So don't worry. Be happy :)
 
I also don't think a soul can be destroyed for very similar reasons to the above posters.

Can a soul become eternally entangled with the 'dark side?' Become so consumed with hate, anger, greed, that the eternal spark of love is forever muffled by the dampening effect of such emotions?
 
i'm glad you brought this up, capstone. i've been meaning to ask you about something you posted a while back. i distinctly recall you noting something like "only a nuclear weapon can detroy a soul", and have been wondering where you got this from.
 
thoughts can arise from material systems, like groups of neurons or transistors. these systems regulate themselves with emotions, and that can happen in both neuron systems and transistor systems... aka, what we call emotional influence to thought is just a part of thought itself, and any robot can use (but not "feel") emotions. any robot can have memories, as well.

but we don't only use our thoughts/emotions/memories, we "experience" some of them... whatever component of us does that, is what i'd call the "soul."

as far as i know, it isn't a "material" thing (that is, what we've studied so far cannot grasp it objectively, and we've yet to have a "soul in a test tube." neither chemistry nor physics can study a soul).

therefore we have no idea if a soul can be destroyed. or what might happen to it when its body dies. but i think that humanity does have a chance at figuring it out, and studying it, and answering this question, given enough time.
 
By dampening effect on the soul, I mean the overall perspective or inclination a soul may develop through experiencing the negative qualia. I don't think a soul has emotions, that's what the body is for, but these emotions may shape a soul in someway, maybe.
 
its mere existence is no more then a presupposition necessary for replying to this thread =D any definition beyond that i refer to ^, but once presupposed, its indivisibility necessitates it being ultimately good. gotta love absolutes
 
What's a soul?
my working definition: one part of it includes the section of cognition (thoughts feelings memories etc) that is "experienced." that's about all i really know about the soul, ultimately. that and my suspicion that no current model can explain the experience itself, even as an emergent phenomenon.
is it not just a construct, an idea ?
what isn't?
 
(for starters, because we cannot have any certainty whatsoever regarding what death is)
What is death but the lack of life? Before we were born we lacked life.
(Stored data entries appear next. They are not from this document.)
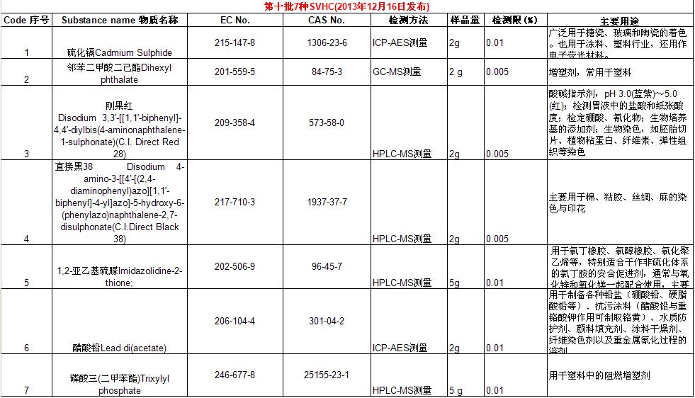 ECHA于213.12.16日正式公布第十批高关注度物质SVHCs,此次加入的SVHC共有7种,至目前为止,SVHC物质共有151项,此次加入的7种物质具体信息如下:
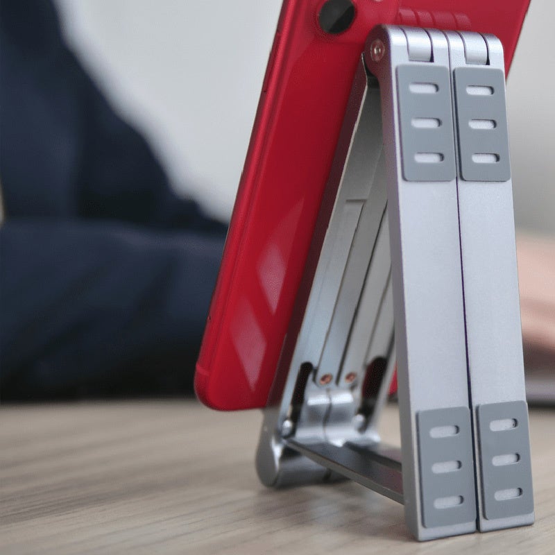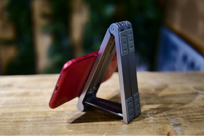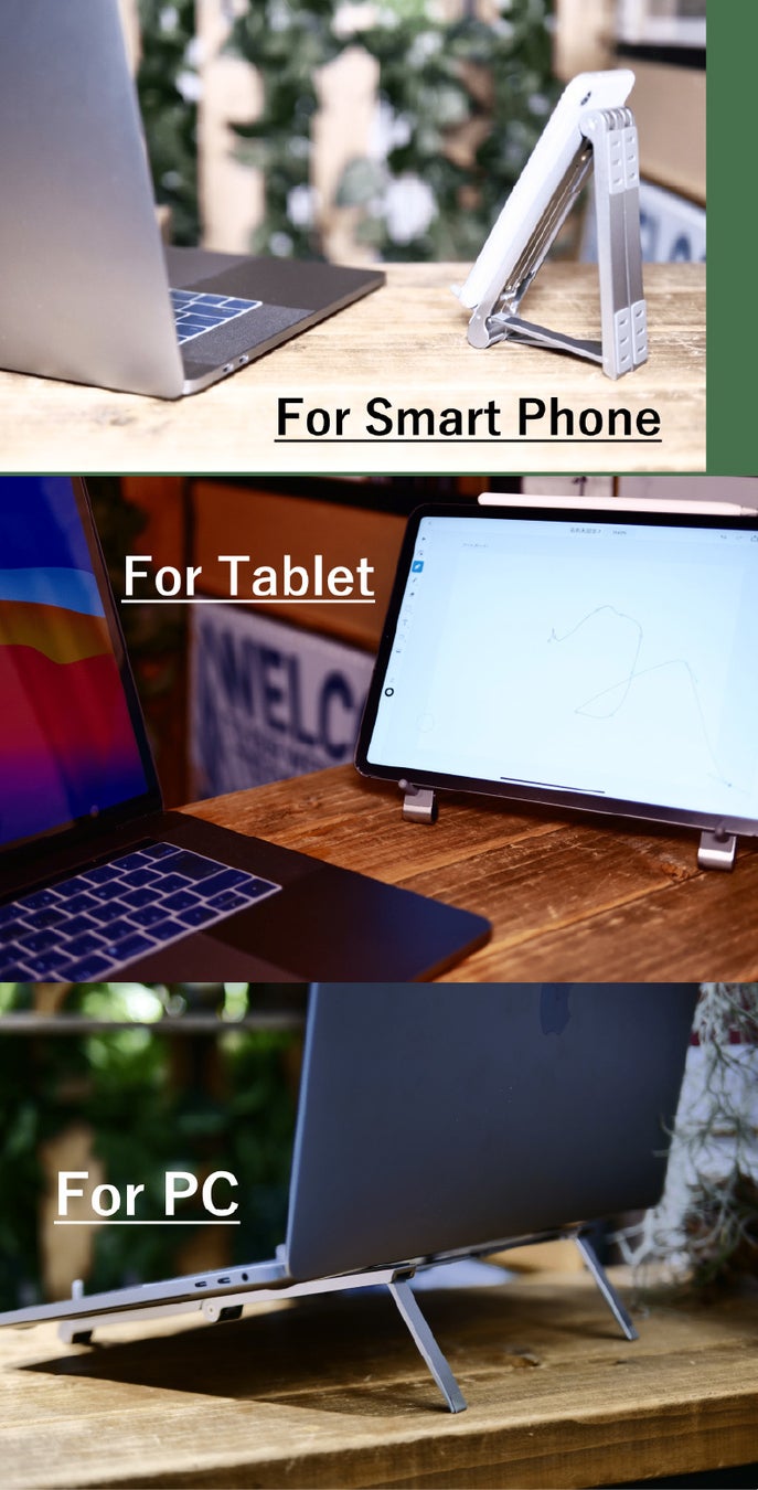 折りたたんだ状態から一瞬で広げられ、スマホ↔タブレット↔パソコン用のスタンドに早変わり!
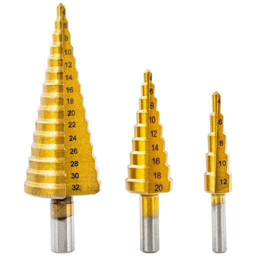WIERTŁA STOŻKOWE STOPNIOWE DO METALU DREWNA PLASTIKU BLACH 4-32 MM
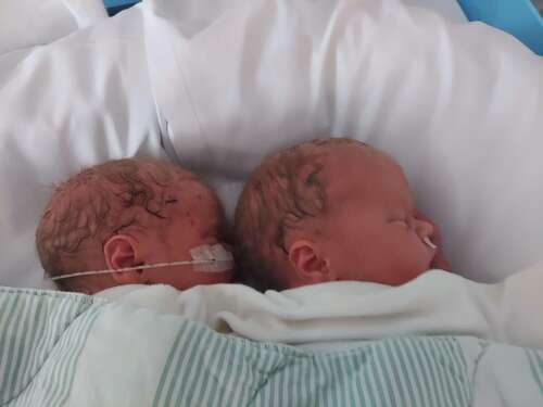 Op 13 september zijn onze dochters Bobbie en Charlie geboren. Ze waren toen 36+4 weken, weeën kwamen natuurlijk en ze deden het meteen super goed. Ze waren 45 cm en 2300 gram en 46 cm en 2500 gram. Ondanks hun goede start zijn we nog in het ziekenhuis vanwege mijn eigen herstel.
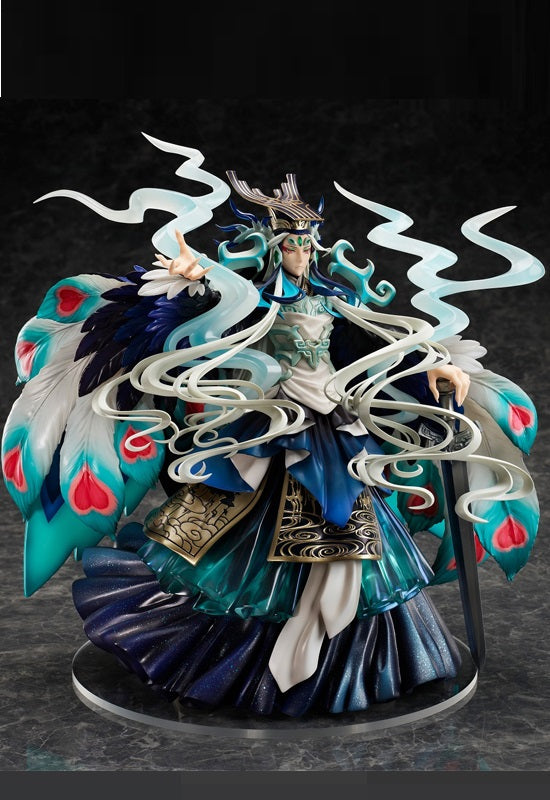 Aniplex+ is proud to present Fate/Grand Order’s Qin, the Son of Heaven and emperor of China. Standing at a towering 13” (33cm), the elaborate sculpt of this figure truly captures the essence of Qin’s imperial solemnity. Qin’s dress, armor, crown, and sword are all crafted in exquisite detail. The wings adorning Qin’s back are sculpted in two layers and painted in beautiful patterns. Multiple layers of clothing are visible under these wings as well. An elegant, dynamic finish to the hair and clothing brings Qin’s majesty to life right before your very eyes. Finally, clear components are used to construct the corners and mercury framing Qin’s head, as well as for the wings on both arms in order to truly draw out the emperor’s splendor. This noble, dignified emperor gazes upon you with all the regal charm and gravity one could expect. Seize this opportunity to bring Qin to your Chaldea right away!

you would describe your soul as consciousness which is just our perception of good and bad. i recall before i was born there was just nothingness, nothing else. There was no conciousness and therefore there was no soul. I hereby draw the conclusion that there would be no soul after either.

Maybe if we describe conciousness as an extension of the soul, that could be changed... For example the soul is our being, and conciousness is just one dream, one reality created by your soul. When you dream you dont remember what came before, the beginning of that dream is where your conciousness began. Our souls just created this dream and they lie outside of this realm. Something from within this reality could not drestroy something external to it, something not bound by the same laws of physics. A product of the dream cannot destroy the dreamer =). I rather like this analogy xD.

how i would define soul: creator
edit: #2 definition of soul: interpreter --- perhaps the soul's purpose is to decode the matrix into a given reality, a reality we can sense.

the problem with trying to define soul is that it has to be applicable when there is nothingness, given that before death and after death there is nothingness. for example there can't be good and bad in nothingness...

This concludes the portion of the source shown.